Second, Voroshilov and Blyukher clearly saw that in this counterattacking force, there were only a very few Germanians, with the main force surprisingly composed of Austrian Army!
Weren’t the ones fighting them tenaciously before just a small number of Germania troops? How had even Austrians joined in? Weren’t Austrians only for filling the line?
But they no longer had a chance to resolve these doubts; soon after, the enemy fully closed the encirclement, then sent a few Austrian Army officers under a flag of negotiation to parley, stating that this Lusha force guarding the mine was surrounded; even if the mine tunnels were sturdy against bombardment, they were doomed to be encircled and annihilated, so they hoped they would see the times and surrender early.
Originally, Lusha officers and soldiers were very resistant to surrendering to weaklings like the Austrian Army, feeling it damaged their sense of honor.
But with the situation developing like this, where was there time to worry about face.
After some calculation, Blyukher and Voroshilov led the survivors of several battalions guarding the mine down the mountain to surrender their weapons to the enemy.
Voroshilov was somewhat unwilling and wanted to use the surrender to get an answer, so he pressed the Austrian regimental commander who captured them:
“Are you troops from the Austrian 3rd Army Group?
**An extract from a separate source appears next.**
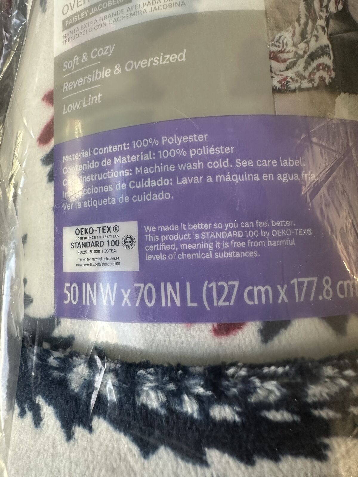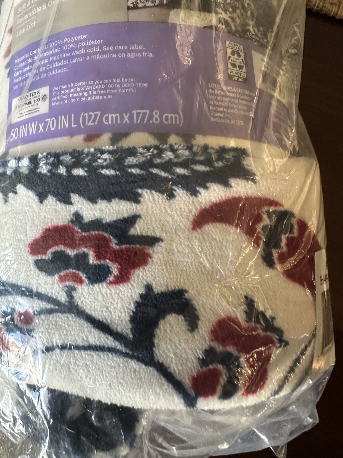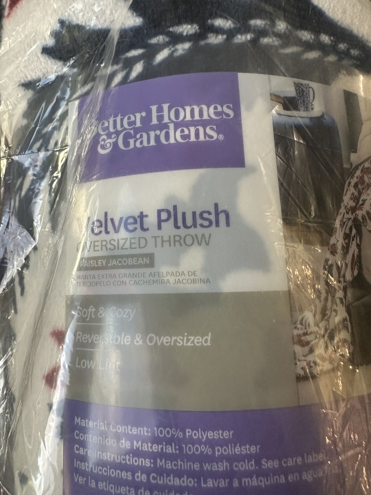 New Better Homes and Gardens Oversized Velvet Plush Floral Throw. Still in the unopened wrapper, it's white, maroon, and navy blue. 50" x 70". 100% polyester, machine washable, and low-lint. Reversible and Oversized, the pattern is called Paisley Jacobean.

Weren’t the ones fighting us before the Germania 6th Army Group? Where did they go? Do they look down on us so much that they sent you to fight?”
“Behave yourselves!” That Austrian regimental commander detected the disdain in the enemy’s words and flew into a rage, first giving them a few elbow strikes to make them behave.
Then, considering everything had already happened and there was nothing left to keep secret, that Austrian regimental commander proudly said: “Do we even need the Germania 6th Army Group to deal with you?
The main force of the 6th Army Group has gone east, already counterattacking your eastern defense line! The main force of the Germania 10th Army Group has also gone west, counterattacking your western defense line!
We Austrian 3rd Army Group are handling the central frontal battlefield, pushing straight against you line by line! The main elite forces on the east and west flanks are said to have mysterious weapons as vanguard—you’re done for this time!”
Blyukher and Voroshilov listened in bewilderment, unable to understand what the enemy boasted mysterious weapon was—could it be the armored cars seen recently?
If it was just armored cars, they were still formidable but hardly mysterious.
But these questions were no longer any of their concern.
These troops had laid down their weapons, becoming the first intact units to surrender in this German-Austrian counterattack campaign.
The initial collapse of the Lusha Army surprisingly didn’t come from the pincers on the east and west lines, but from the absolute center of the entire front line—where the Lushans had counterattacked most fiercely—directly crumbling under the sudden reversal.
Krivoy Rog urban area and the entire mine area were recaptured by the German-Austrian Allied Forces within half a day of the battle starting, annihilating the 3 Lusha divisions there, 2 of which were first crippled by cannon fire, then infiltrated and encircled by the enemy, and finally just surrendered.
No struggle at all—the troops’ morale had completely collapsed.
And at the same time, Lelouch himself, with Rommel and his tank division, was on the extreme eastern line of the entire battlefield, furiously advancing northward.